By looking at industry specifics, Labor Productivity in Manufacturing of Durable Goods increased by 1.2%, while Output in the industry did so by 4.1%. The number of hours worked in this sector increased by 2.8%, whereas real compensation did so by only 1.6%.
These data may help economist in understanding why GDP slowed down in the first quarter 2015, while unemployment rate stuck to 5.4%. On one side, Discourage Workers seem to be back in the labor market as more hours worked are being demanded by producers. On the other side, although workers are working longer workweeks, compensation has changed significantly, which gets reflected in low levels of inflation.
Perhaps the only conclusion for now clear is that the economy might be being driven by expectations. Based on the current figures and the optimism revealed in the Beige Book, it is possible to assert that most of the increase in level of employment is being generated solely by positive, and perhaps “risky” expectation of the close future.
On the other hand, Nonfarm Business Sector Labor Productivity decline for second quarter in a raw during the past year. BLS Revised data, released on June 4th 2015, confirmed labor productivity declined by 3.1 percent at an annual rate, which complements data on GDP negative growth for 2015Q1. Data released along the current week on the contraction of GDP, Construction, Labor Market and Productivity, reveal expectations and future outlooks of Business Leaders ought to be driven the economy and especially the labor market.

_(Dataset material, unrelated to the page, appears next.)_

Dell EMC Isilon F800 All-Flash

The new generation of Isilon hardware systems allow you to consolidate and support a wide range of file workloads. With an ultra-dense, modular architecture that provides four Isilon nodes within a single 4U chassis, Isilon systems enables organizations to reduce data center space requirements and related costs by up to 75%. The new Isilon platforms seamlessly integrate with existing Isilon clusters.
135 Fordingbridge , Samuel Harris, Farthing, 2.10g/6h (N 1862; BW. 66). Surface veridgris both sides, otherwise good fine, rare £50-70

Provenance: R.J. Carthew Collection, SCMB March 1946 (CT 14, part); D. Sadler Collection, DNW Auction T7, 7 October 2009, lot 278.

Finally, the U.S. Bureau of Labor Statistics noted that “from the first quarter of 2014 to the first quarter of 2015 productivity increased 0.3 percent”. One of the key labor indicators derived from productivity measures is Unit Labor Cost, which has actually increased 1.8 percent in the last year. For the first quarter of 2015, BLS asserted Unit Labor Cost increased by 6.7 percent. Such a statistic reflects the mentioned 3.1 percent decline in productivity, and a 3.3 percent increase in compensation by the hour.

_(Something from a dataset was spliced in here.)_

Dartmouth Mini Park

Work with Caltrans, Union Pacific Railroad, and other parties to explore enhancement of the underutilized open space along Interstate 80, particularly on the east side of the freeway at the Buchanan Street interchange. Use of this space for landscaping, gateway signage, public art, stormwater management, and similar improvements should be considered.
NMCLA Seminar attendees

Data on employment levels for April and May 2015 look favorable.
Both months have shown increments above 200,000 jobs. However, the unemployment rate stubbornly hovers around 5.4%. In spite of U.S.’ GDP negative growth in 2015Q1, the U.S. job market seems to be growing at desirable pace. Although there is no clear answer for the persistent unemployment rate on 5.4%, the return of “Discouraged Workers” into the labor force might hold a clue. Accordingly to the U.S. Bureau of Labor Statistics (BLS), “over the past 12 months long-term unemployment has decreased by 888,000”, which might open a window for thinking on “Discouraged Workers” as a pressure preventing the rate to decrease further 5.4%. That pressure is hard to see inasmuch as we focus on month to month analysis and especially when we focus into a specific threshold for jobs gains.
So, the attention should be brought to the current dynamics of “Discouraged Workers”. That segment of the labor market should inform economists about two connected aspects. First, it may shed light onto current expectations of workers, which also has an interesting impact on consumer spending. Second, by focusing on “Discouraged Workers” economists may explain such a persistent Unemployment rate. Some data from BLS reveal “discouraged Workers” are coming back to reenter the labor market, which constitutes an upward pressure strong enough for the Unemployment Rate to start dropping significantly. It is worth noting that “Discouraged Workers” are not count as unemployed persons since they had not looked actively for a job during the four weeks preceding the BLS’ Survey.
Data wise, level of employment increased by 223,000 jobs in April 2015, and roughly by 201,000 in May. In April Job gains went mostly to Professional and Business Services, Health Care and Construction, the U.S. Bureau of Labor Statistics reported on June 2nd. Meanwhile, ADP reported on June 3rd that their estimates for May are 201,000 job added. Losses were on Mining in April accordingly to BLS, whereas ADP reported losses on Manufacturing in May 2015.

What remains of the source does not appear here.